Per chi quel 2 agosto del 1980 non c'era la strage della stazione vive nei racconti e nei ricordi degli altri, in quella piazza che si riempie ogni anno, sotto il sole caldo della nostra città, tra parenti, sopravvissuti e cittadini che ancora non vogliono dimenticare.
C'è chi ti dice "ero partito qualche ora prima", nascondendo tra quelle parole quel filo di sollievo e senso di colpa per la tragedia appena sfiorata. C'è chi ti racconta "ci passavo tutti giorni alla stazione" ed è stato salvato da un imprevisto o da un impegno.
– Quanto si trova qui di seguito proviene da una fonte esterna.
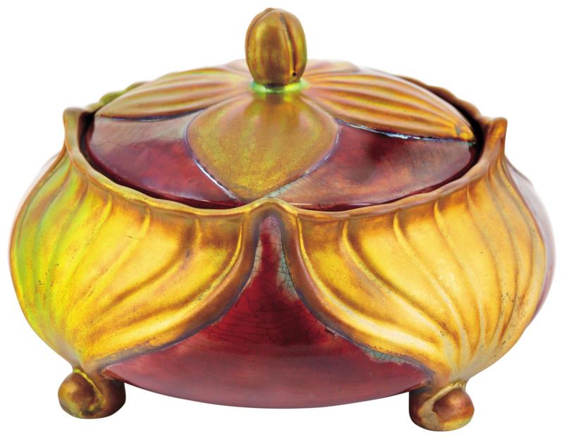 Bonboniére, plasztikus, tavirózsás díszítménnyel, 1899 körül
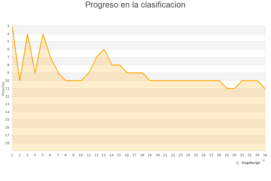 Augsburgo | 34 | 10 | 9 | 15 | 50 | 60 | -10 | 39 |
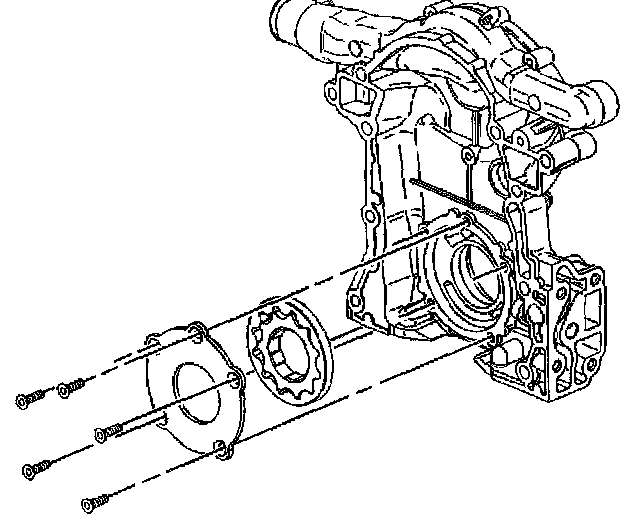 2. If replacing the engine front cover, install the oil pump cover and gear set to the engine front cover.
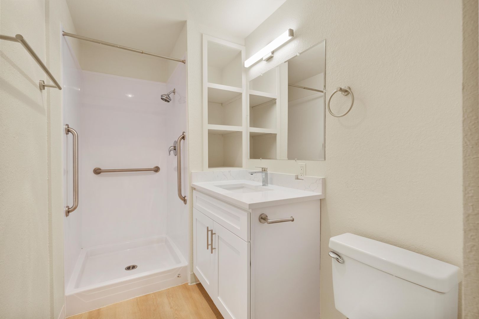 - Brand-new vinyl hardwood-style floors
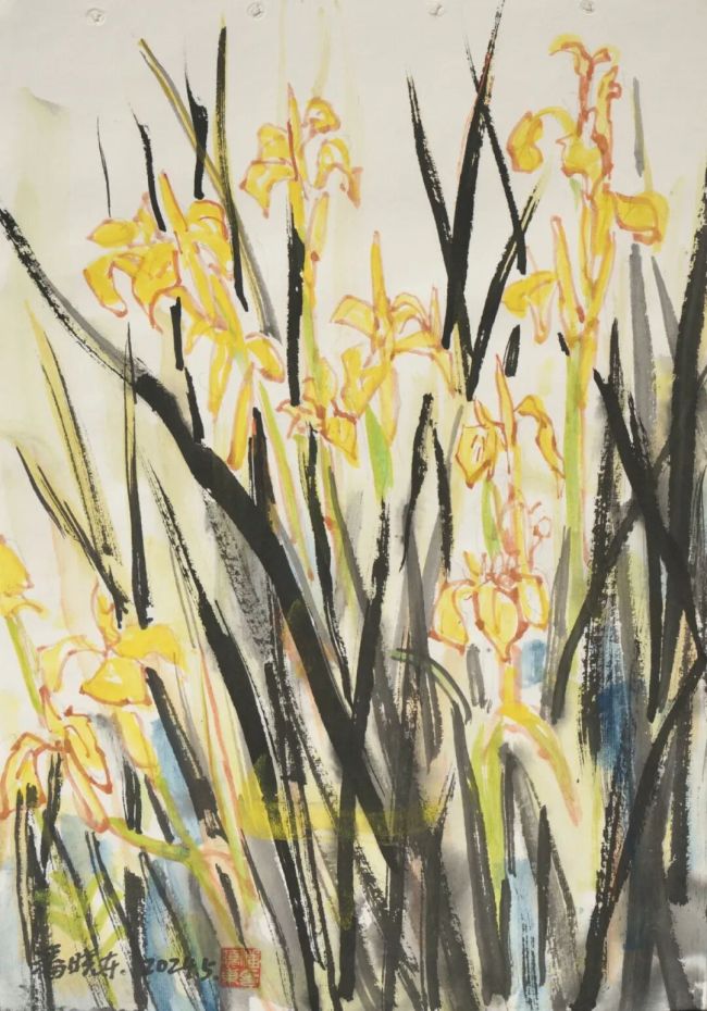 2024、5、10上午潘晓东《秦岭写生·黄菖蒲》纸本水墨39cm×28cm
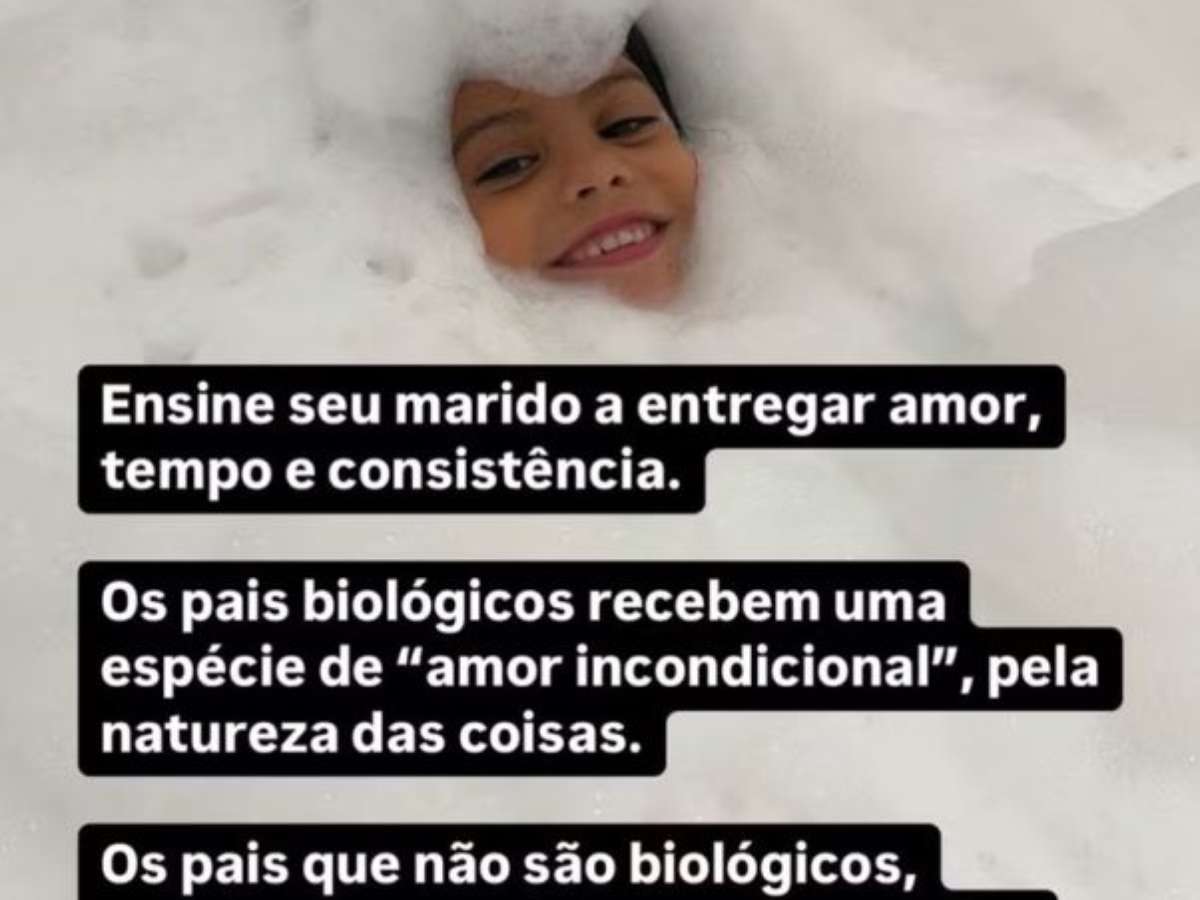 "Ensine seu marido a entregar amor, tempo e consistência. Os pais biológicos recebem uma espécie de amor incondicional pela natureza das coisas", escreveu ele. Na sequência, destacou os desafios de quem assume a paternidade por escolha: "Os pais que não são biológicos precisam conquistar o seu espaço, chegar no pianinho e a jornada te desafia e frustra por muitas vezes. Mas o maior aprendizado é: se entregar amor, receberá amor".
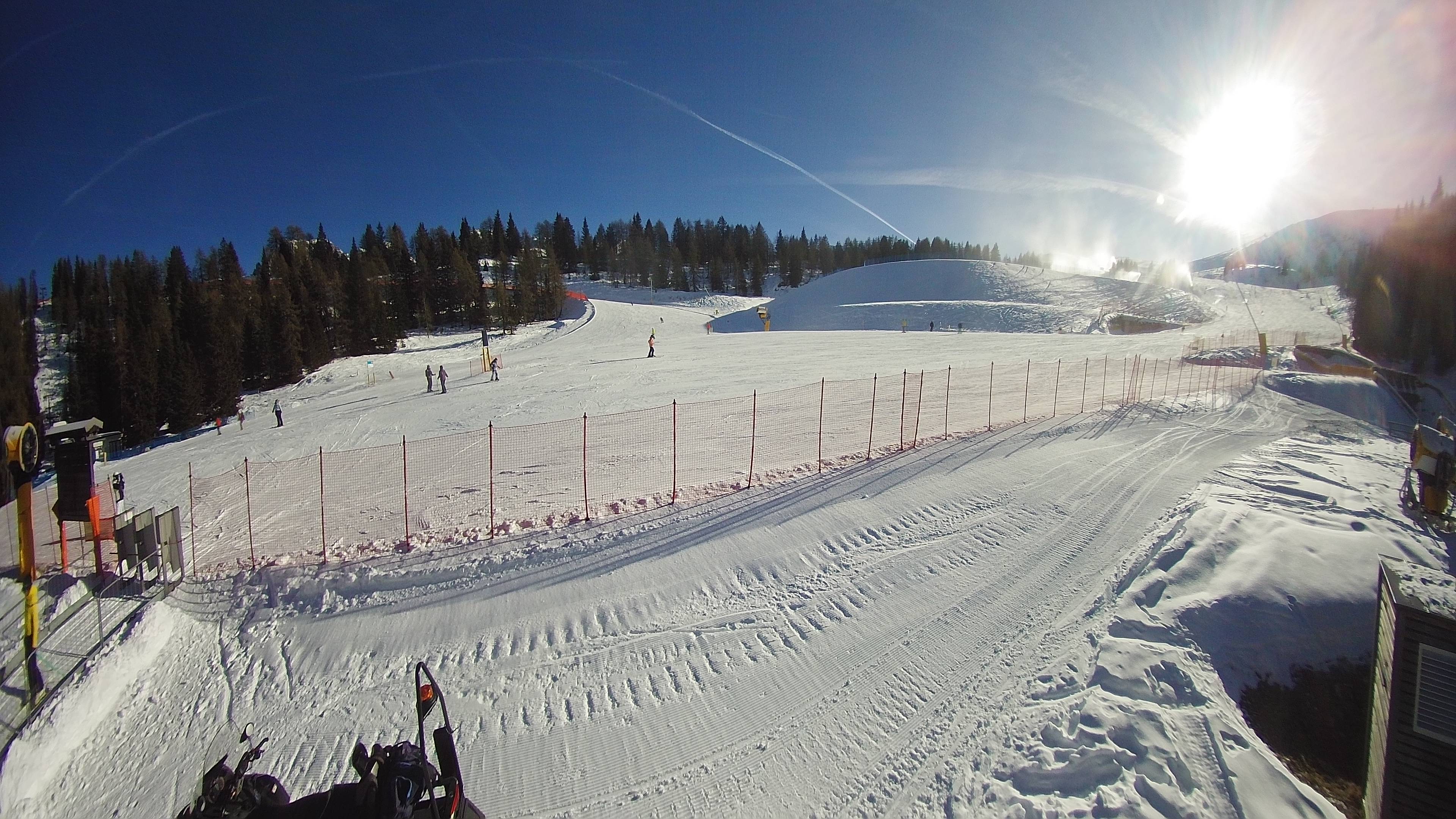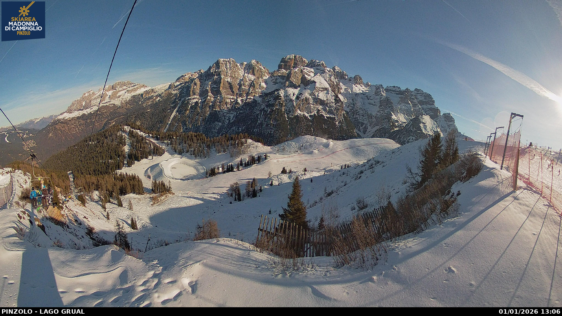 Webcam panoramica Pinzolo. Le webcam sul comprensorio sciistico di Pinzolo, collegato sci ai piedi con Madonna di Campiglio, in Trentino. Le webcam inquadrano la pista Tulot, il lago Grual e Malga Cioca.

E poi ci sono tutti quelli che ti raccontano di aver "sentito un busso" e di essersi precipitati verso la fonte di quell'inspiegabile rumore.
Il 2 agosto 1980 è un autobus che si trasforma in infermeria, sono le persone accorse ad aiutare, a tirare fuori le persone da sotto le macerie, tra la polvere e le lacrime. Sono i tassisti che per giorni portano feriti e parenti in giro per gli ospedali.
Il 2 agosto è Angela Fresu, la bambina di 3 anni che giocava in quella sala d'aspetto. Il 2 agosto sono le lacrime di Pertini.
Il 2 agosto è un orologio fermo e quella ferita sul muro della sala viaggiatori che non è mai stata chiusa, simbolo della ferita aperta di una città che aspetta una verità ancora negata da tanto, troppo tempo.